• EEOC and NLRB Impose New Rules on Employers
  • May 11, 2012 | Authors: Eric J. Lubochinski; Jarad M. Lucan; Saranne P. Murray
  • Law Firms: Shipman & Goodwin LLP - Stamford Office ; Shipman & Goodwin LLP - Hartford Office
  • New state and federal laws add complications for employers almost every year.  But sometimes these issues are created not by legislation, but by administrative fiat of one government agency or another.  Several such changes have occurred just within the past few days. 

    The EEOC issued guidelines on April 25 warning employers that if they order or conduct a criminal background check on applicants, they must be prepared to prove that any criminal conviction or arrest that turns up and is used in making a hiring decision is related to the job for which the candidate is applying.  Most employers disregard arrest records anyway, since they don’t prove guilt, but the EEOC’s guidelines create a new risk with respect to criminal conviction records. If an applicant with a conviction record is turned down, the employer will now have to prove that either the conviction was job related, or the applicant was turned down for some other lawful reason.  It is also important to remember that Connecticut has a statute that encourages employers to hire those who have paid their debt to society.

    Just a day earlier, the EEOC released a decision stating that Title VII’s prohibition against sex discrimination covers transgender bias as well.  “Transgender” is a term with a somewhat fluid definition, encompassing any individual who presents as, or identifies with, a gender other than that assigned genetically at birth.  While various states (including Connecticut) have statutory prohibitions against transgender discrimination, the EEOC’s position applies the same principles to federal law, even though it does not specifically mention transgender as a protected classification.

    Undeterred by judicial action blocking its controversial employee rights posting requirement, on April 30 the NLRB adopted new procedures for the processing of union election petitions, clearing the way for what some have called “ambush” or “quickie” elections.  In fact, while the new rules don’t specifically include shortened timeframes, they do eliminate the longstanding policy that no election should be scheduled within 25 days of the date on which it is ordered.  Additionally, several other changes will inevitably speed up the process.  These include:

    • Limiting pre-election hearings to determining whether a question of representation exists;
    • Requiring approval of the hearing officer in order to submit post-hearing briefs;
    • Postponing appeals of regional office decisions until after the election is conducted; and
    • Making NLRB review of post-election disputes discretionary.

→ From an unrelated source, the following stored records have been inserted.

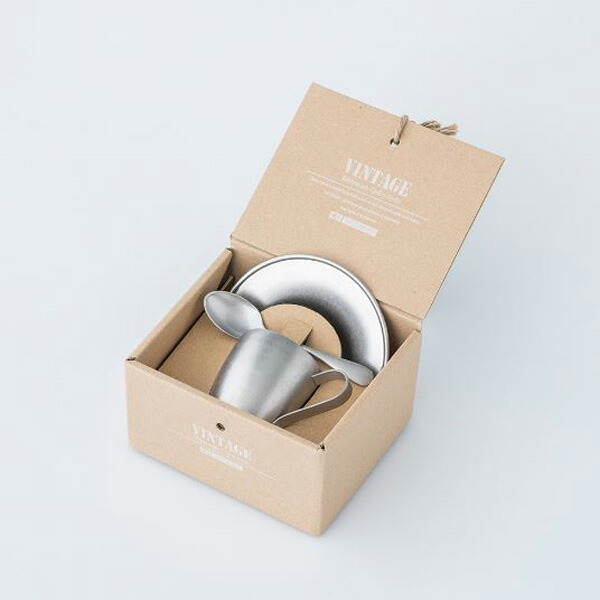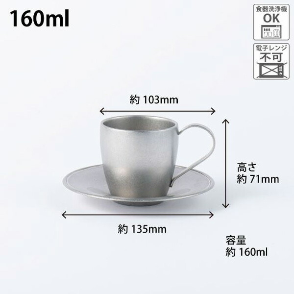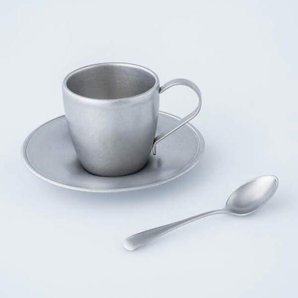 ステンレス製のカップ&ソーサーとコーヒースプーンのセット
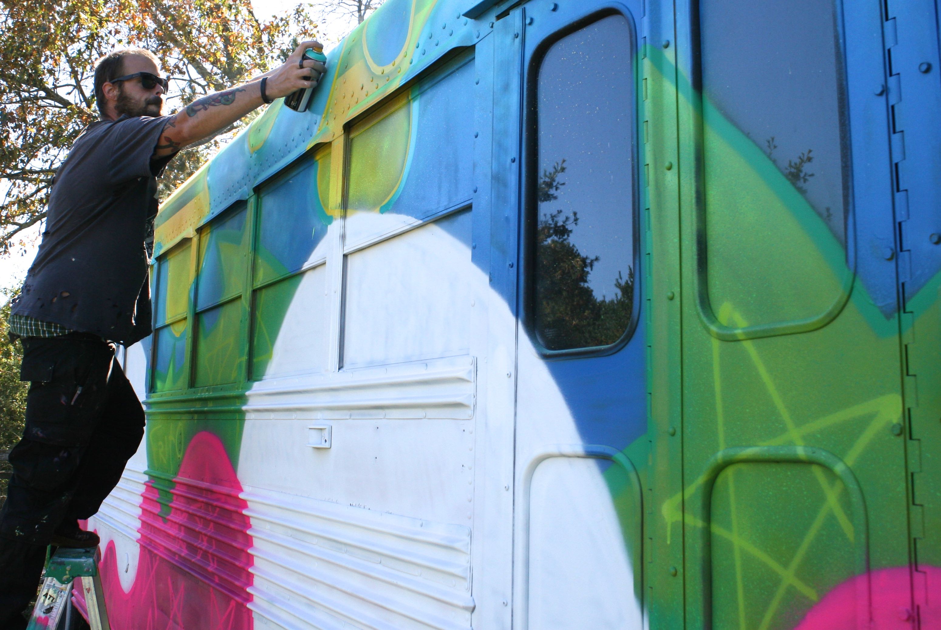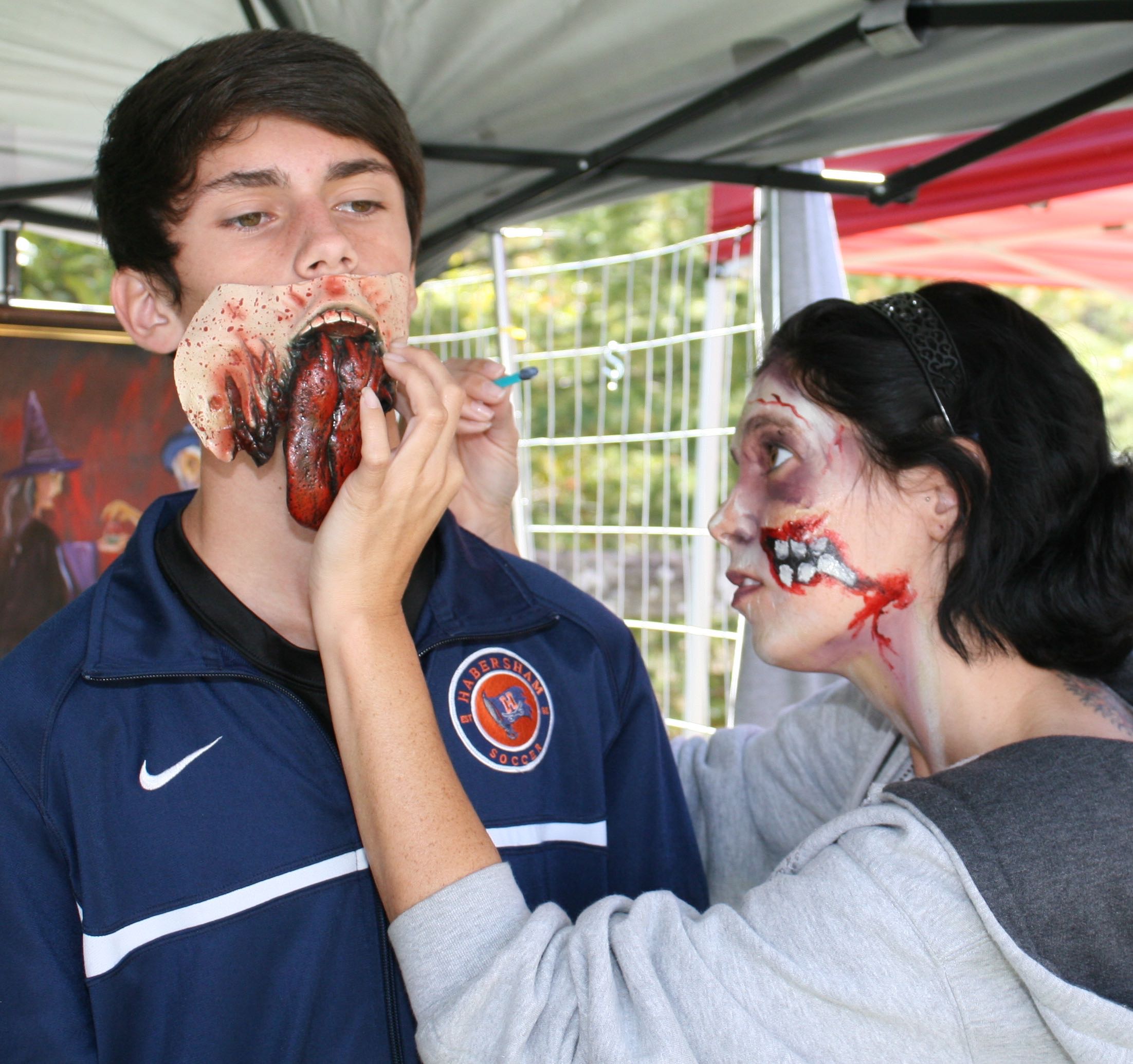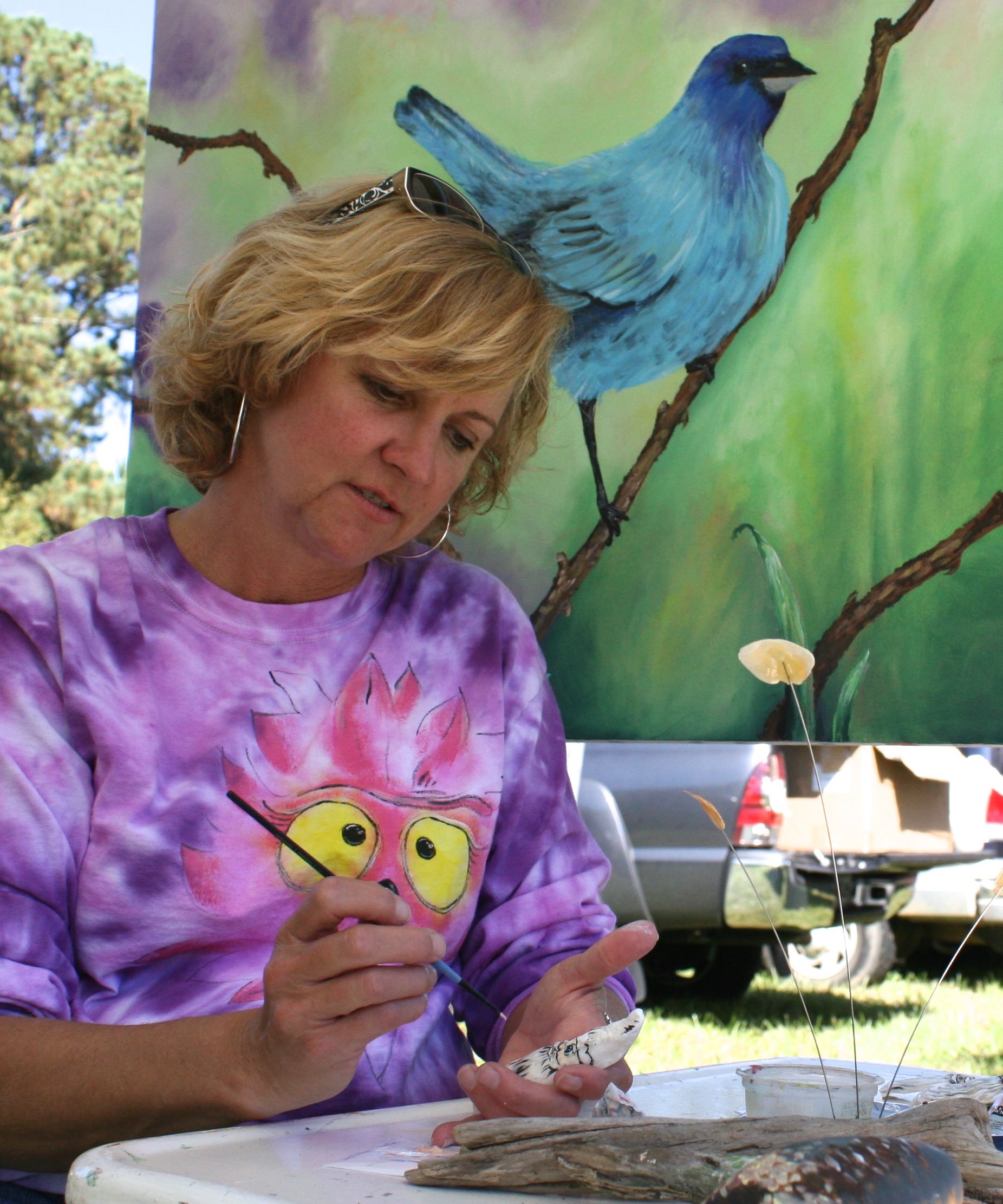 Folk artist Sam Granger of Lula models his “liberty” hat.Nick Morris of Cornelia turns a bus into a colorful mural. Nick, along with his wife Amanda, used an estimated 30 cans of environmentally friendly spray paint for this project. The bus was provided by Alonzo Wade of Alto. The Morris’s own Crispy Printz in Cornelia.Peter Loose of Hull, Ga. adds details to snakes he painted on a parasol.Anne Mayton of Clarkesville looks at pottery crafted by Polly Sherrill of Atlanta.Sabrina Sloat uses her artistic talents to help turn her son Ian Sloat into a temporary zombie. They were preparing for the Kiwanis Zombie Fun Run to be held in Clarkesville later that day. Ian later got the final artistic touches applied by Candace Crowe of Celtic Crow Tattoo in Clarkesville.Jill Haack of “Art in Jill’s Garden” in Gainesville paints Santa Claus faces on oyster shells she picked up at Edisto Island, S.C.Sunny skies encouraged hundreds of art lovers to attend the Fall Artfest 2014 held Saturday at the Burnt Burbon Pottery Gallery and Studio at 330 Foster St. in Cornelia. Event organizer Anne Crocker Christol said they had 78 artists, some of national and international acclaim showing their artwork. Christol said she was “thrilled to death by the turnout and the level of artistic talent represented. It’s a fun event.” In addition to the copious displays of art, there was music, food, and libations available.
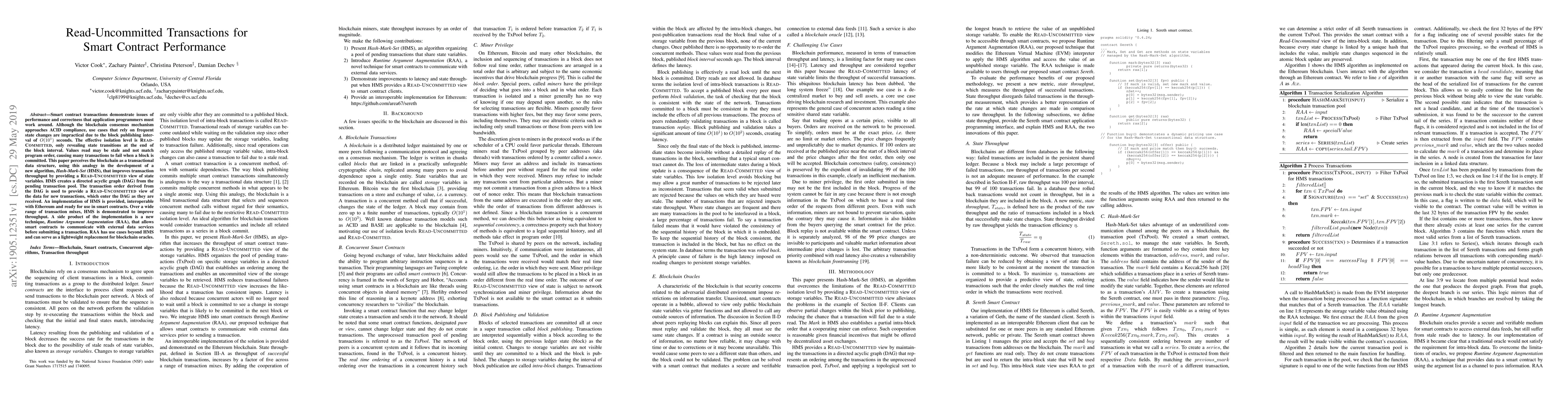 This paper proposes the Hash-Mark-Set (HMS) algorithm to enhance smart contract transaction throughput by providing a Read-Uncommitted view of state variables, addressing performance issues in blockchain transactions. HMS creates a directed acyclic graph from the pending transaction pool to determine transaction order, improving throughput and introducing Runtime Argument Augmentation (RAA) for external data service communication.
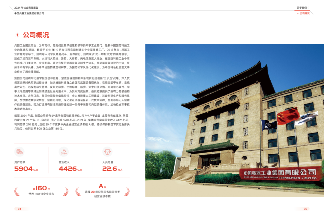 近日,世界杯竞猜网站正式发布《世界杯竞猜网站2024年度社会责任报告》。本次报告是集团公司第16份年度社会责任报告,从坚守强军首责、服务经济建设、共创美好生活三个维度,全面展示集团公司履行社会责任的实践与成效。经中国企业社会责任报告评级专家委员会评定,《报告》获得“五星佳”最高评级,成为军工行业唯一一家连续6年获此殊荣的中央企业。
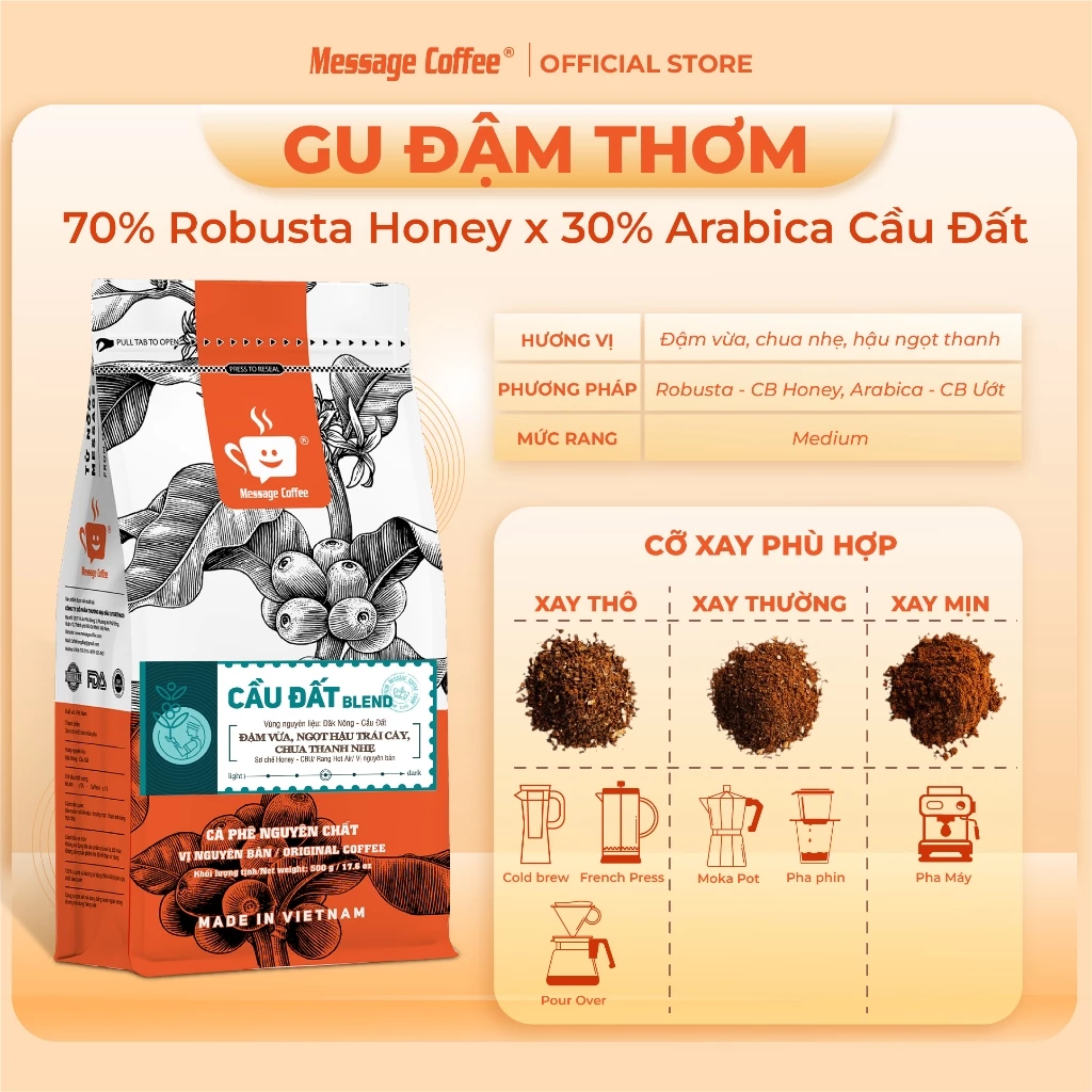 Message Coffee Cau Dat Blend 100% Wood-Roasted Pure Ground Coffee 2KG Combo Pack - Alluring Aroma & Sweet, Mild Bitterness
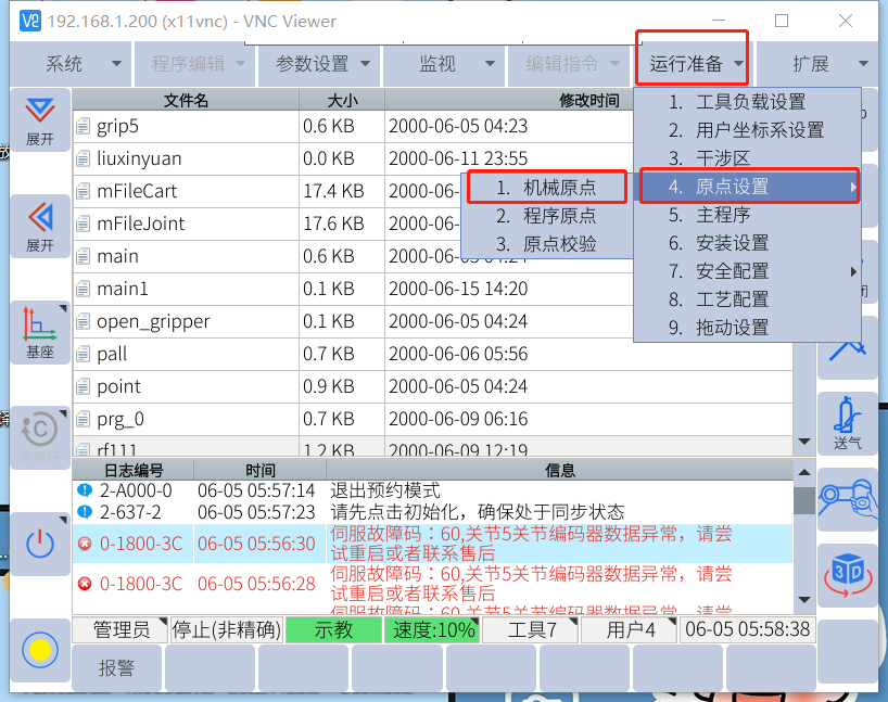 进入开发者后。点击运行准备-原点设置-机械原点,将拍照记录的新机零点脉冲-DH参数重新输入后记录。修改零点脉冲步骤如下
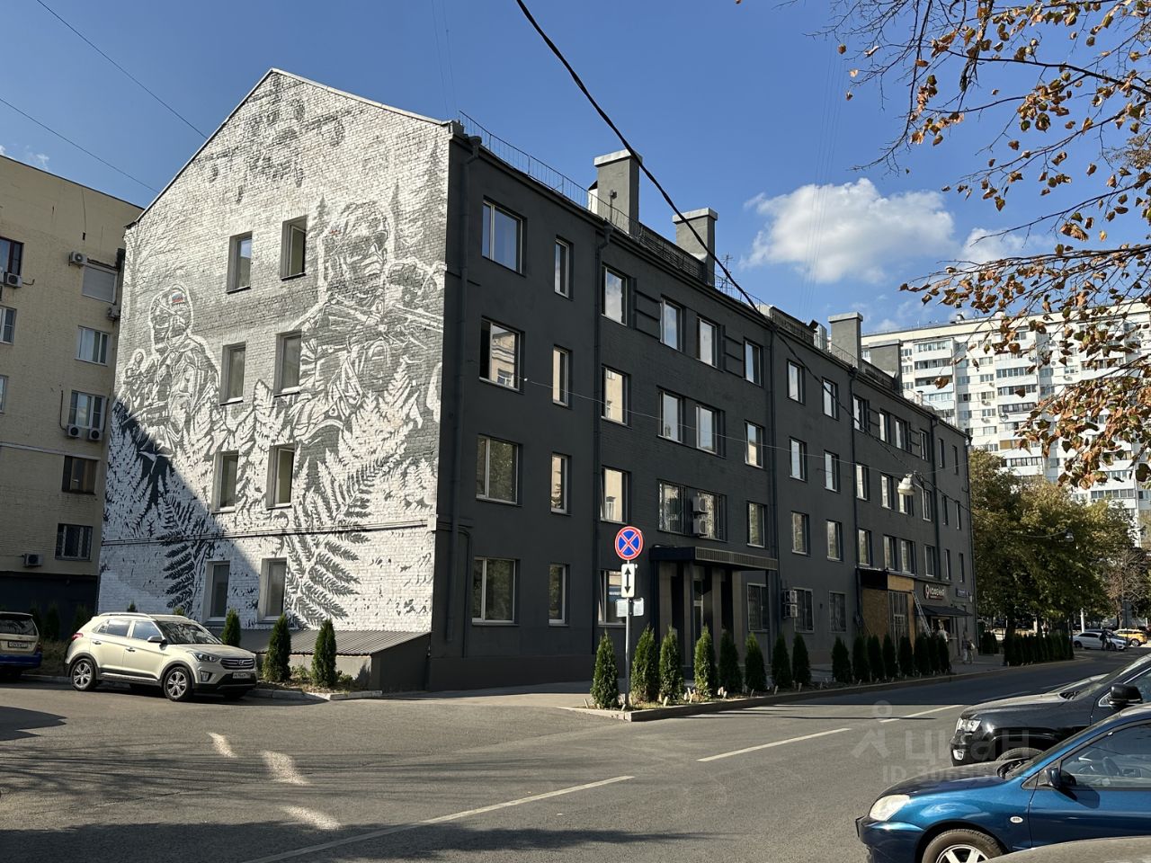 Расположено на первой линии, напротив центрального входа в Российский Государственный Социальный Университет
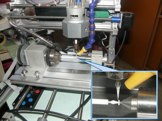 На этот раз решил выполнить ВУ СОРС Накат-М с помощью станка с ЧПУ. Для этого потребовалось сделать ряд подготовительных работ и станок из трехосного переделать в четырехосный. Трудность заключалась в том, что этот тип станка еще никто не делал в четырехосном варианте. В общем, пришлось воевать как в Первой конной. "Прикрутил" четвертую ось, установив переднюю бабку с 4-х кулачковым патроном и заднюю бабку, ну и само собой - плату управления.
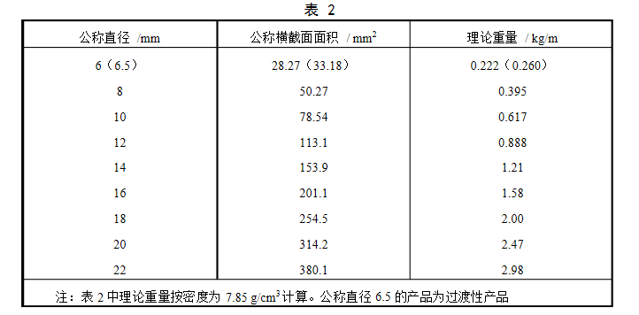 公稱橫截面積與理論重量如表2
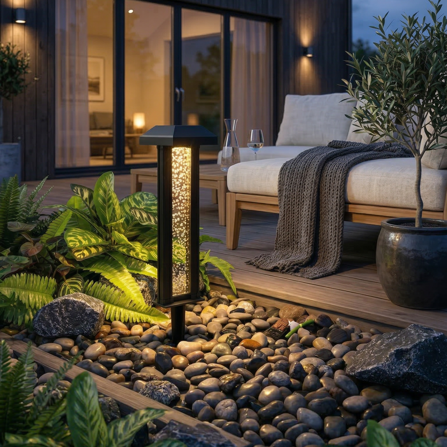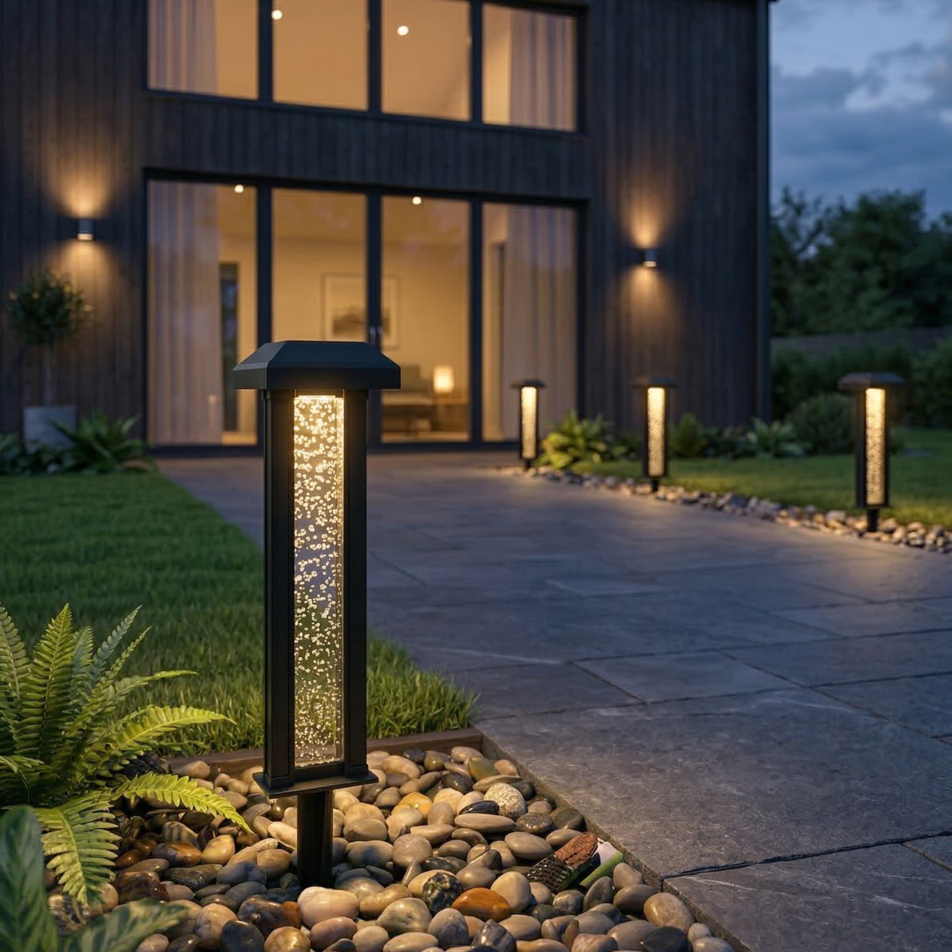 Denne stilrene LED solcelle havelampe kombinerer moderne design med dekorativ belysning til haven. Lampen har et elegant sort stel og et dekorativt glasrør med bobleeffekt, som skaber et flot og levende lysspil, når lampen er tændt.
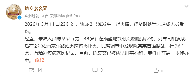 ·男子乘地铁时点燃随身衣物,上海轨交警方通报:有精神疾病就医记录,已被刑拘。
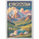 Kyrgyzstan retro vector travel design. From the serene beauty of Issyk-Kul Lake and the rugged Tian Shan range to the cultural heart of Bishkek and the scenic trails of Ala Archa National Park, Kyrgyzstan offers an unforgettable blend of nature, adventure, and tradition.

    Recent statistics show that on average, 38 days elapse between the filing of a union election petition and the date of the election.  Observers predict a reduction of at least a week or two in that timeframe as a result of these changes, which will reduce the opportunity an employer has to communicate with employees about what life under a union could be like.

    With Congress in gridlock over one issue after another, employers now have to look over their other shoulder to watch what federal agencies are doing to expand the scope of worker protections.